I’d like to be able to modify the behaviour of the surrogateescape
codec error handler when decoding, but codecs.register_error()
does not seem to actually change a built-in handler.
For example:
import codecs
builtin_handler = codecs.lookup_error('surrogateescape')
def myhandler(e):
print(f'myhandler(): {e=}')
if isinstance(e, (UnicodeDecodeError, UnicodeTranslateError)):
if e.object[e.start:e.start+2] == b'\xc0\x80':
return '\0', e.start+2
return builtin_handler(e)
print(f'Before codecs.register_error()')
print(f'{codecs.lookup_error("surrogateescape")=}')
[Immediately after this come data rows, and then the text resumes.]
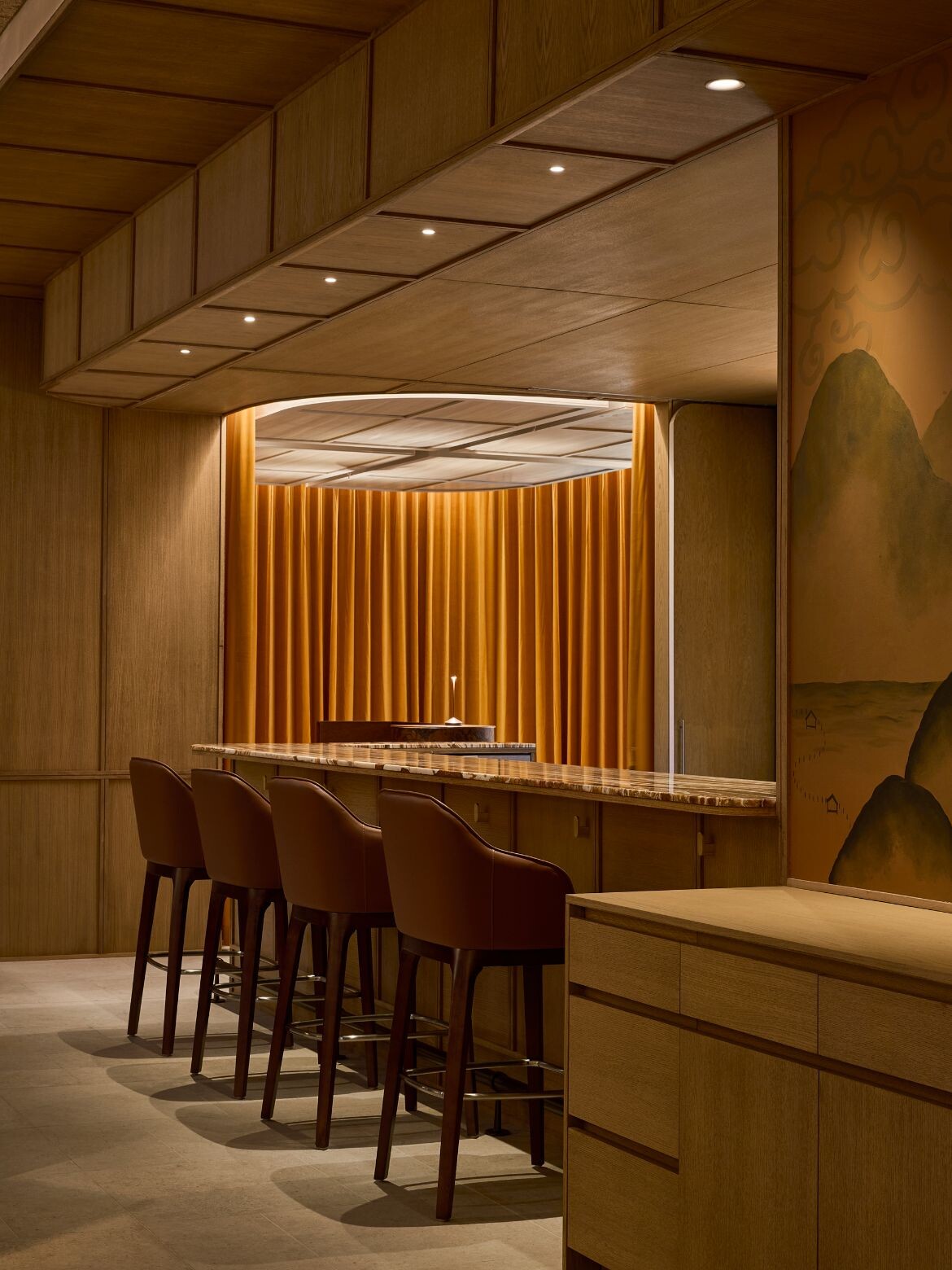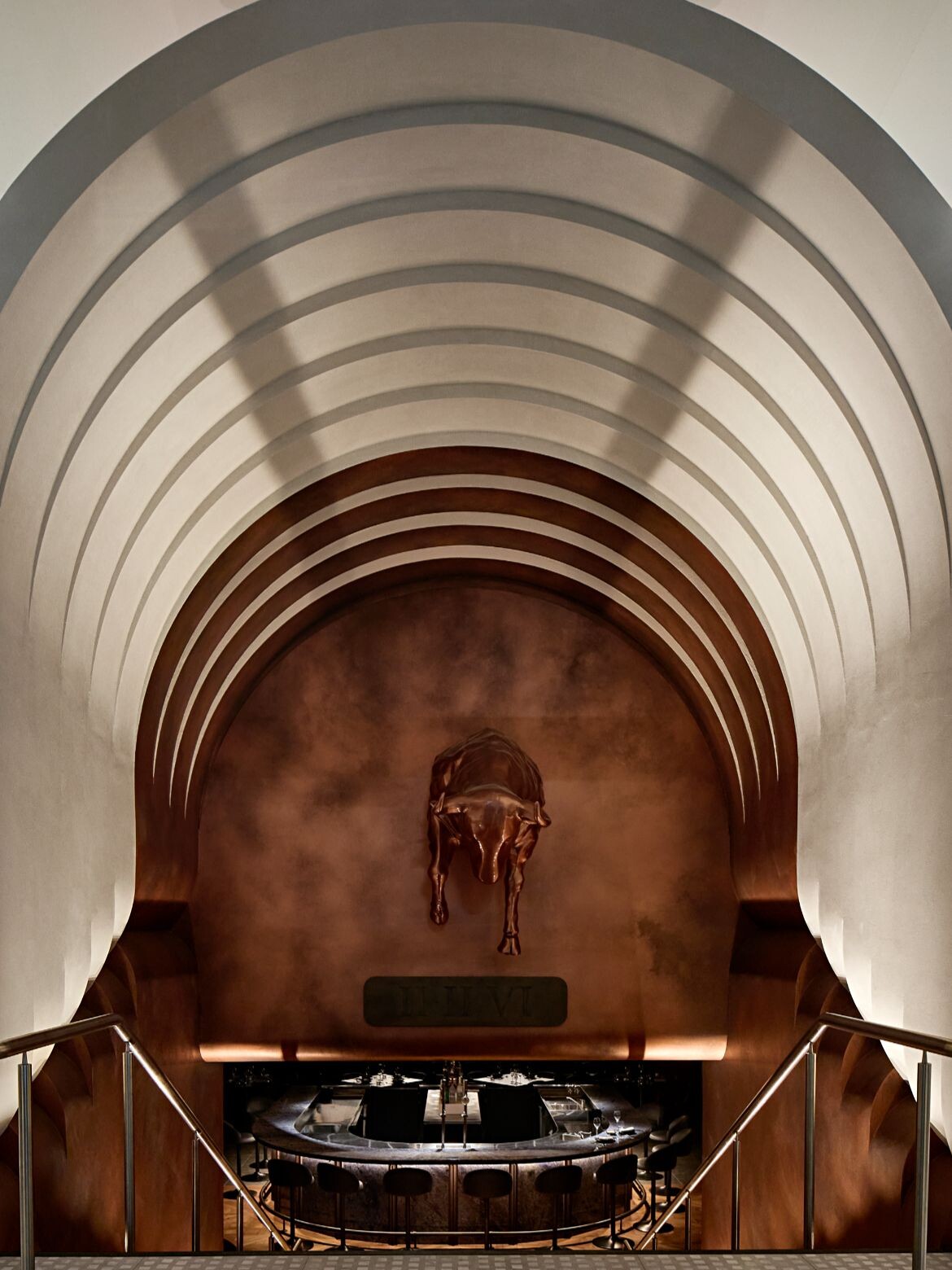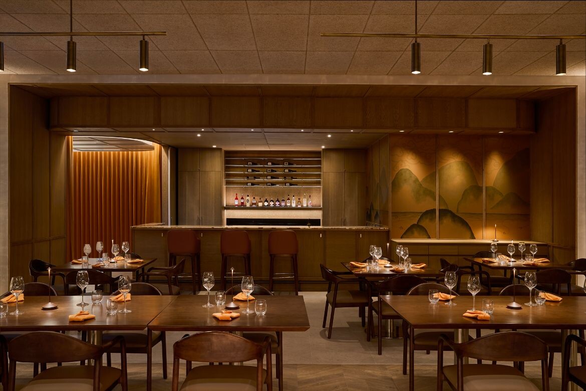 For ii.ii.vi, the brief centred on contrast and ritual. “The idea was a refined steakhouse concealed beneath a wine and cocktail lounge,” Goh explains. “The process of heating the charcoal and cooking over fire is inherently theatrical, so an open kitchen became essential.”
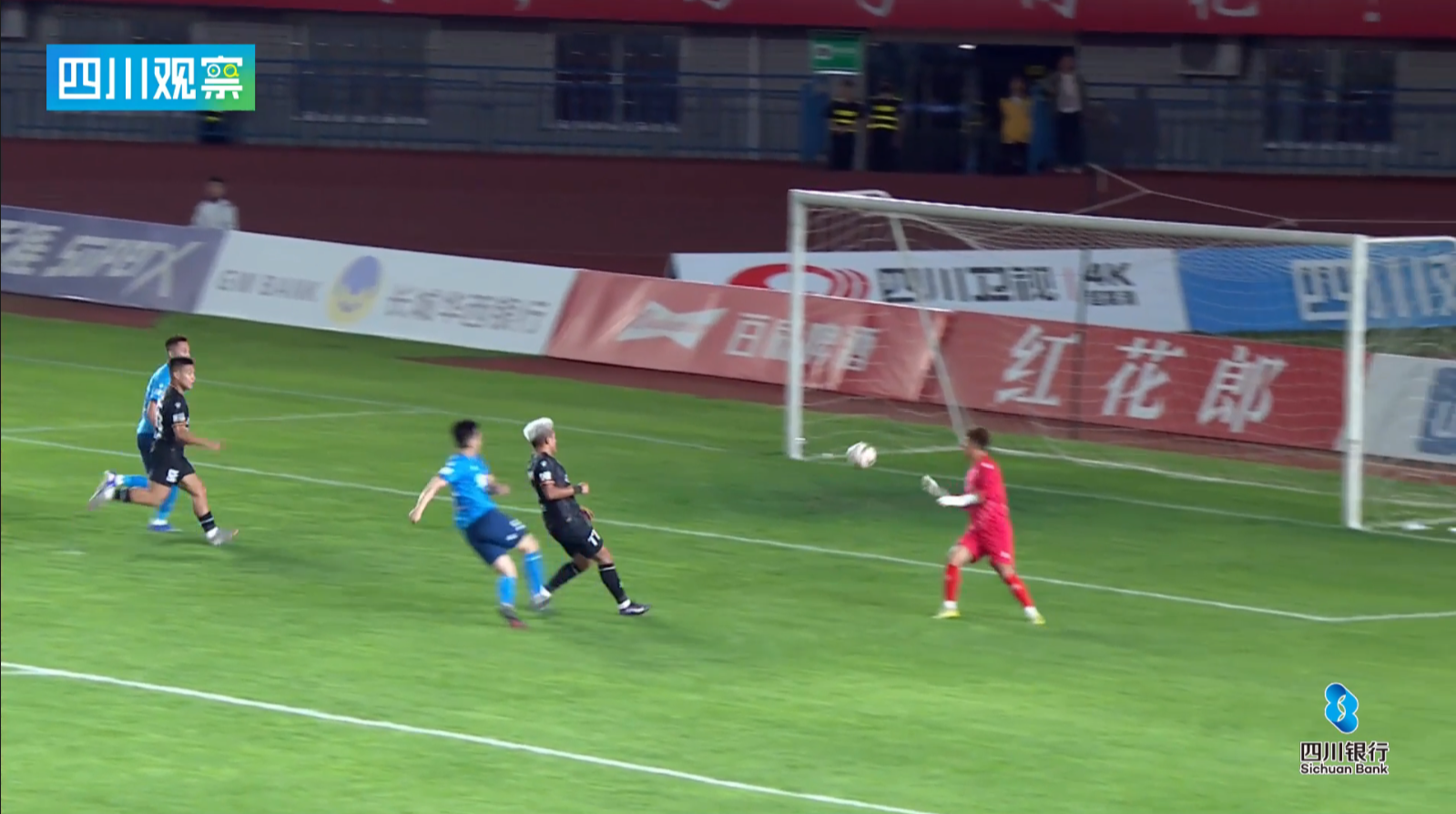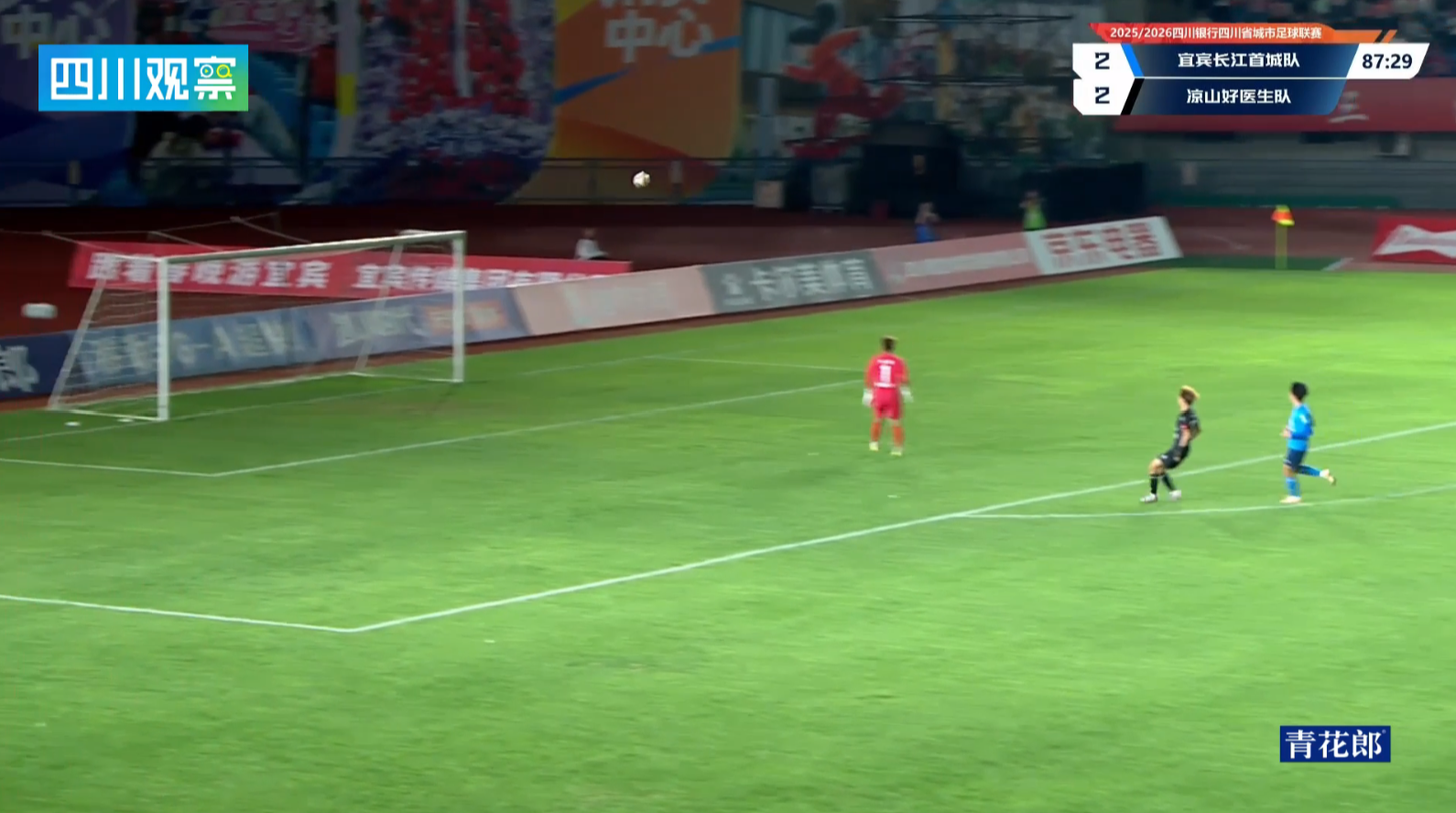 宜宾队62号前锋廖连杰接队友后场长传,形成单刀,面对出击门将一脚吊射,将比分改写为3:2。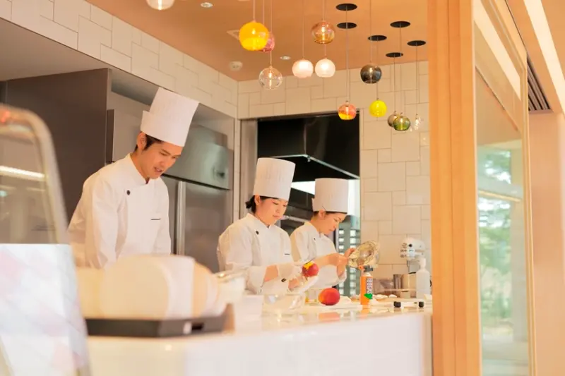 以特產鰻魚派聞名的「春華堂」集結了多項甜品,開設了甜點商場「nicoe」。除了銅鑼燒等傳統日式甜點外,也有西式糕點等琳瑯滿目的品項滿足不同饕客的味蕾,還可在此體驗甜點製作,大人小孩都能盡興而歸。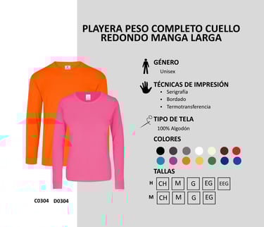 Playera Peso Completo Cuello Redondo Manga Larga para Caballero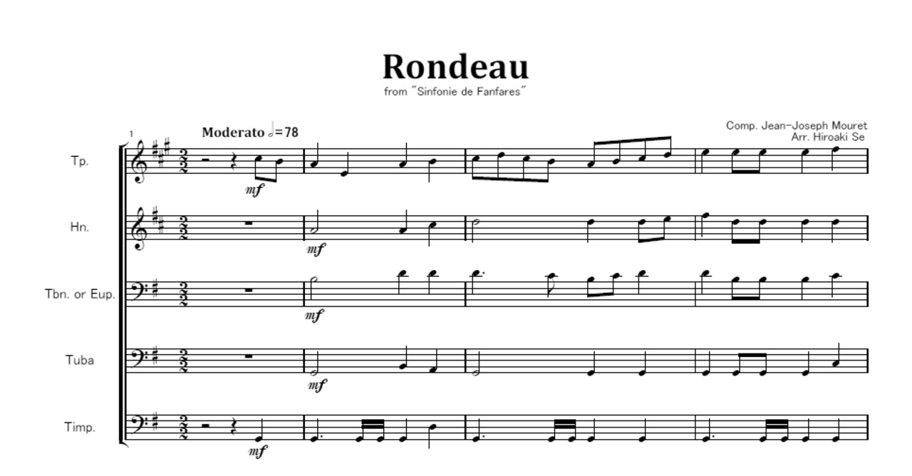 編成はトランペット、ホルン、トロンボーンまたはユーフォニアム、チューバ、ティンパニです。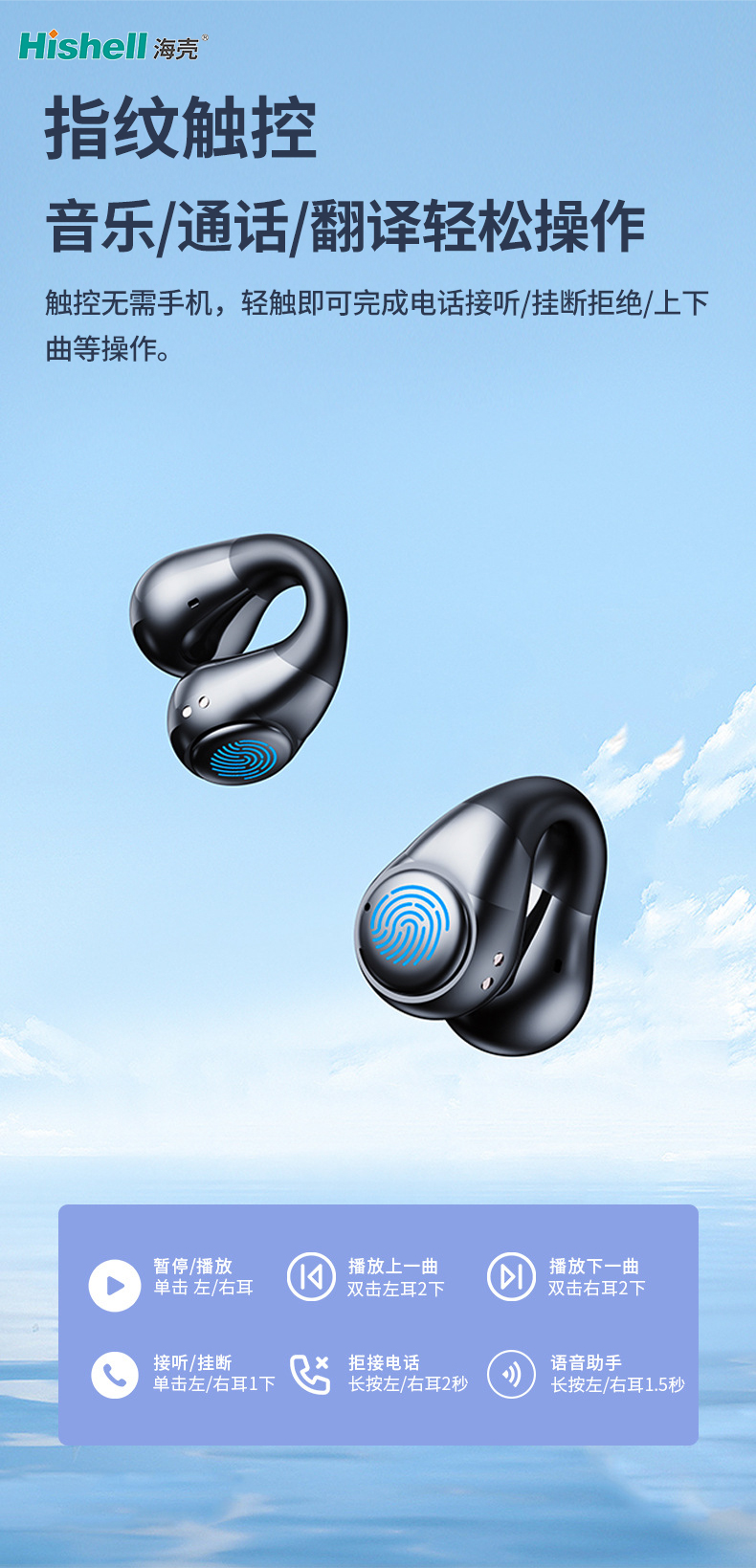 这款翻译耳机搭载便捷的指纹触控功能,无需依赖手机,轻触即可切换音乐、通话、翻译模式,操作高效又省心。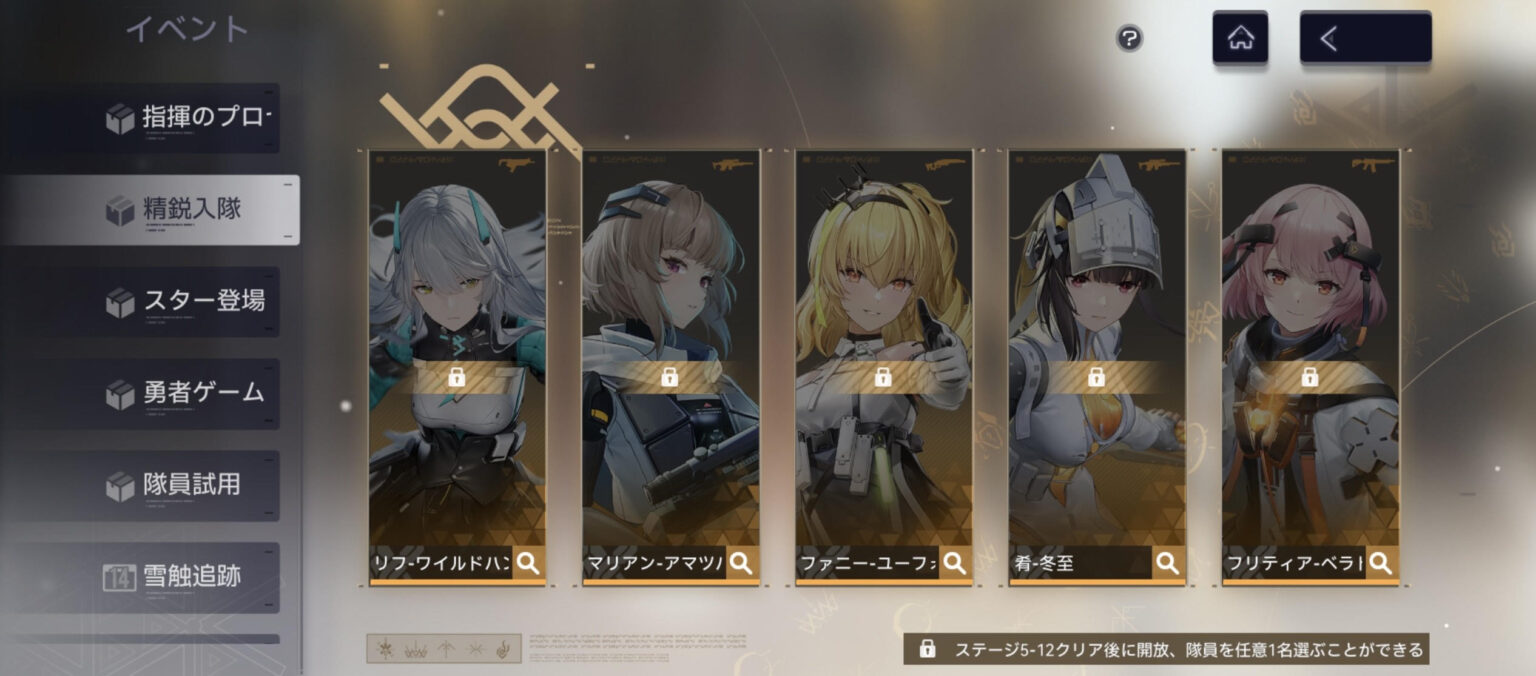 - 「精鋭入隊イベント」で好きなオレンジランクキャラを1体選択可能(ステージ5-12クリアで解放)

codecs.register_error('surrogateescape', myhandler)
codecs.register_error('surrogateescape2', myhandler)
print(f'After codecs.register_error()')
print(f'{codecs.lookup_error("surrogateescape")=}')
print(f'{codecs.lookup_error("surrogateescape2")=}')
sb = b'hello\xc0\x80world'
print(f'{sb.decode(errors="surrogateescape")=}')
print(f'{sb.decode(errors="surrogateescape2")=}')
Prints:
Before codecs.register_error()
codecs.lookup_error("surrogateescape")=<built-in function surrogateescape>
After codecs.register_error()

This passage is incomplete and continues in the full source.